::: Provided information :::

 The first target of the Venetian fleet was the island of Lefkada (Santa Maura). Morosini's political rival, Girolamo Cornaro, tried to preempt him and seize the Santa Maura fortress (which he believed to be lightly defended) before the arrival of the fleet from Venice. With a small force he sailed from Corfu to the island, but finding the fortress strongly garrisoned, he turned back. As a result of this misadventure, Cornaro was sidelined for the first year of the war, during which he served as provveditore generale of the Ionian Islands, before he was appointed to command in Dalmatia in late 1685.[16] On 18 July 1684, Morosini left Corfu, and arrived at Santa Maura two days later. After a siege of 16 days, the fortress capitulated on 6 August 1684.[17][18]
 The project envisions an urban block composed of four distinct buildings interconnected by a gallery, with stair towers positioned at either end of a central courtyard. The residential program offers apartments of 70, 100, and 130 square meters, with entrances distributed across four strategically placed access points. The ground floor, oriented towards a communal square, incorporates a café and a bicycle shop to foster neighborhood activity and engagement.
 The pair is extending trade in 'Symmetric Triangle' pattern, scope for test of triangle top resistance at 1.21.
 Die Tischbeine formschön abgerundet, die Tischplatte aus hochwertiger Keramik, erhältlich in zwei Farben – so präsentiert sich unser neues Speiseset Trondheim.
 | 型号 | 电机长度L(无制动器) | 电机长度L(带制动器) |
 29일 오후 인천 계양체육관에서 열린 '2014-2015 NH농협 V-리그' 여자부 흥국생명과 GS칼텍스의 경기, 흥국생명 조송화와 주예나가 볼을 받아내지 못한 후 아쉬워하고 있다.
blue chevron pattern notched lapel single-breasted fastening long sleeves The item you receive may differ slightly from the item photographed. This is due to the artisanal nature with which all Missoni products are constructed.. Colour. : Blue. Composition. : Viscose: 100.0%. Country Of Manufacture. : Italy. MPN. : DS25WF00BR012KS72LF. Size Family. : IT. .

:::

**Requirement:** From the entries above, pull out each line that includes "pattern".

**Written response:**
 The pair is extending trade in 'Symmetric Triangle' pattern, scope for test of triangle top resistance at 1.21.
blue chevron pattern notched lapel single-breasted fastening long sleeves The item you receive may differ slightly from the item photographed. This is due to the artisanal nature with which all Missoni products are constructed.. Colour. : Blue. Composition. : Viscose: 100.0%. Country Of Manufacture. : Italy. MPN. : DS25WF00BR012KS72LF. Size Family. : IT. .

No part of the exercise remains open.